TO DO →
Starting at the first line of the records below, reproduce every line up to and including the line with "Lleva contigo la", but leave out all pictures.

EXCERPTED DATA →
○ ○ ○

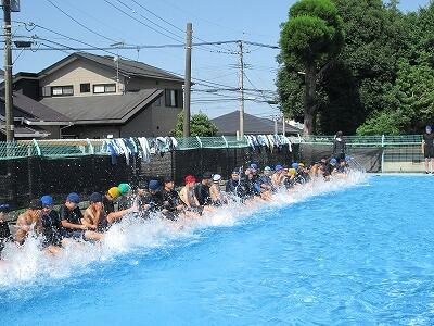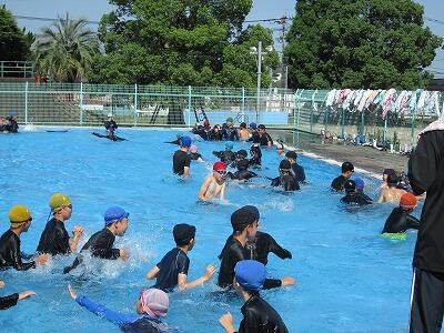 9月26日(金)、今日で本校の水泳指導が終わりました。最後の水泳指導は、4年生の着衣泳でした。着衣泳とは、水難事故などで衣服を着たまま水に落ちた際に、「浮いて待つ」ことで救助を待つ技術です。今回は空のペットボトルを浮き具として使いました。初めに、普段着のまま水に入って、服が重く体にまとわりついて、なかなか思う通りに動けないことを実感しました。子どもたちは水着で泳ぐことがどれだけ楽なことなのかが、よく分かったことでしょう。次に、普段着で水に落ちて救出されるまでの間、体力を温存するための技術としてペットボトルを使った着衣泳に取り組みました。日頃、よく目にしているペットボトルが、浮き具としてどれだけ役立つかが理解できたものと思います。今日の着衣泳を体験した4年生は、子どもたちだけで川に遊びに行ったり、そこで泳いだりすることはないと思います。また、今日の水泳指導で自分の命を守るために「着衣泳」を学んだことは、いざという時に役立つことでしょう。まさに、備えあれば憂いなしですね。
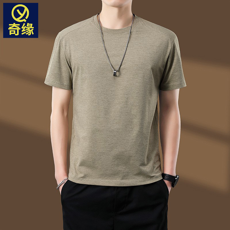 氷糸綿丸襟半袖tシャツ男2025夏の新型ファッショントレンド純色シンプルな男性tシャツ
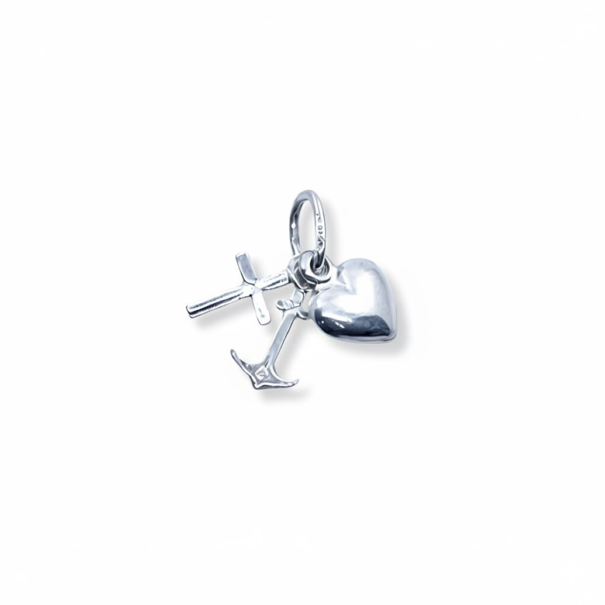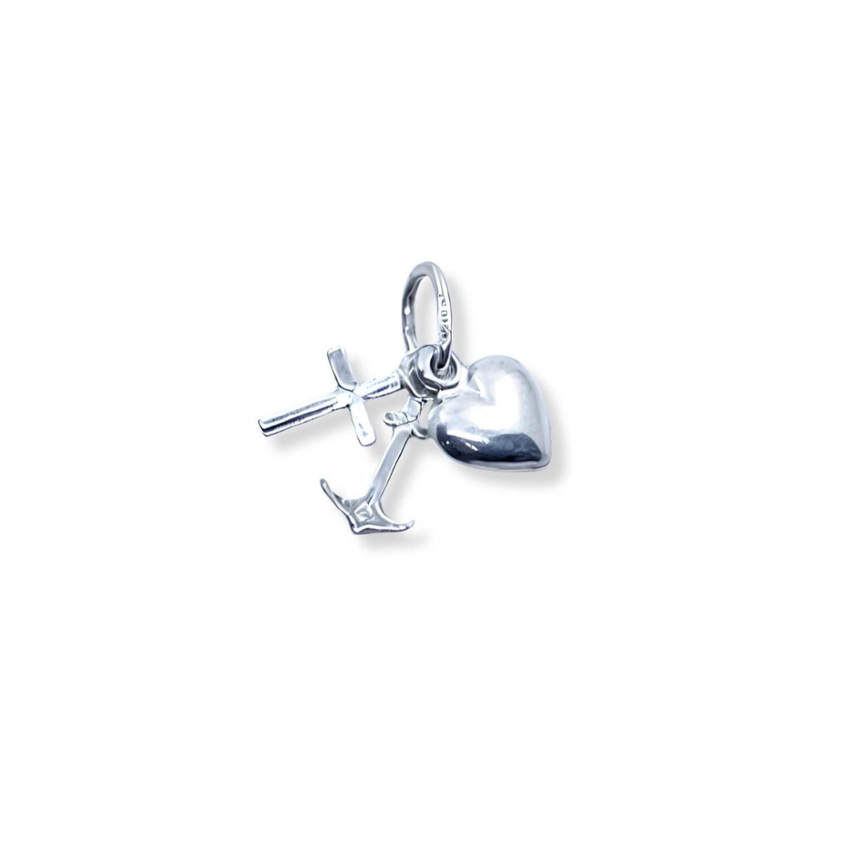Lleva contigo la fuerza de la fe, la esperanza y la caridad con este dije de Las 3 Virtudes en plata, un accesorio cargado de espiritualidad y estilo.
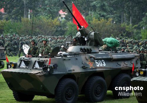 中國人民解放軍“礪兵--2008”演練8月26日拉開帷幕。當日下午濟南軍區某機械化步兵旅參戰部隊,火速集結,進入緊張戰備狀態。解放軍濟南軍區這支機械化步兵部隊與北京軍區一支數字化部隊舉行的這次跨軍區聯合實兵對抗演練,是雙方在為期一個月內進行現代條件下“背靠背”的立體化攻防演練,攻擊與反殲雙方將根據作戰任務和“情報”實施作戰計劃,以磨練部隊的戰斗能力。中新社發 宋吉河 攝
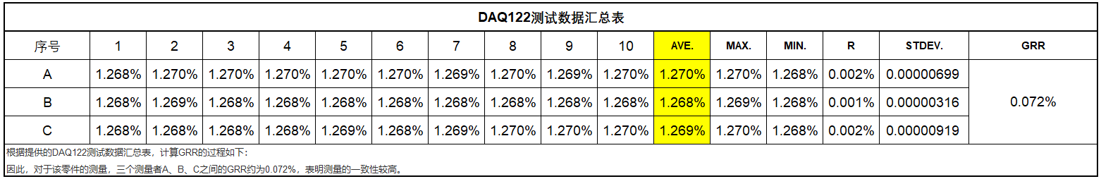यह सुनिश्चित करने के लिए कि चयनित डेटा अधिग्रहण कार्ड आवश्यकताओं को पूरा करता है, एमई टीम ने इसका परीक्षण किया। विश्लेषण से पता चलता है कि चयनित डेटा अधिग्रहण कार्ड में उत्कृष्ट स्थिरता है, तीन मापक ए, बी और सी के बीच लगभग 0.072% का जीआरआर है।
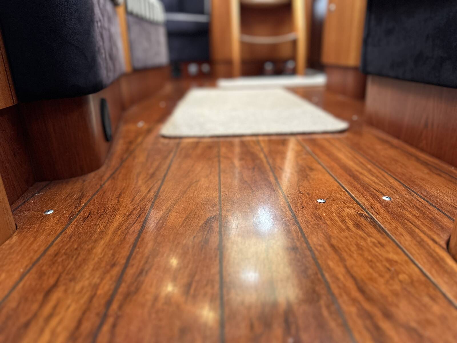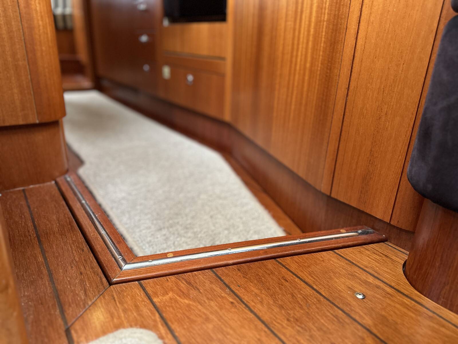 Teak grating on floor

○ ○ ○

SOLUTION →
 9月26日(金)、今日で本校の水泳指導が終わりました。最後の水泳指導は、4年生の着衣泳でした。着衣泳とは、水難事故などで衣服を着たまま水に落ちた際に、「浮いて待つ」ことで救助を待つ技術です。今回は空のペットボトルを浮き具として使いました。初めに、普段着のまま水に入って、服が重く体にまとわりついて、なかなか思う通りに動けないことを実感しました。子どもたちは水着で泳ぐことがどれだけ楽なことなのかが、よく分かったことでしょう。次に、普段着で水に落ちて救出されるまでの間、体力を温存するための技術としてペットボトルを使った着衣泳に取り組みました。日頃、よく目にしているペットボトルが、浮き具としてどれだけ役立つかが理解できたものと思います。今日の着衣泳を体験した4年生は、子どもたちだけで川に遊びに行ったり、そこで泳いだりすることはないと思います。また、今日の水泳指導で自分の命を守るために「着衣泳」を学んだことは、いざという時に役立つことでしょう。まさに、備えあれば憂いなしですね。
 氷糸綿丸襟半袖tシャツ男2025夏の新型ファッショントレンド純色シンプルな男性tシャツ
Lleva contigo la fuerza de la fe, la esperanza y la caridad con este dije de Las 3 Virtudes en plata, un accesorio cargado de espiritualidad y estilo.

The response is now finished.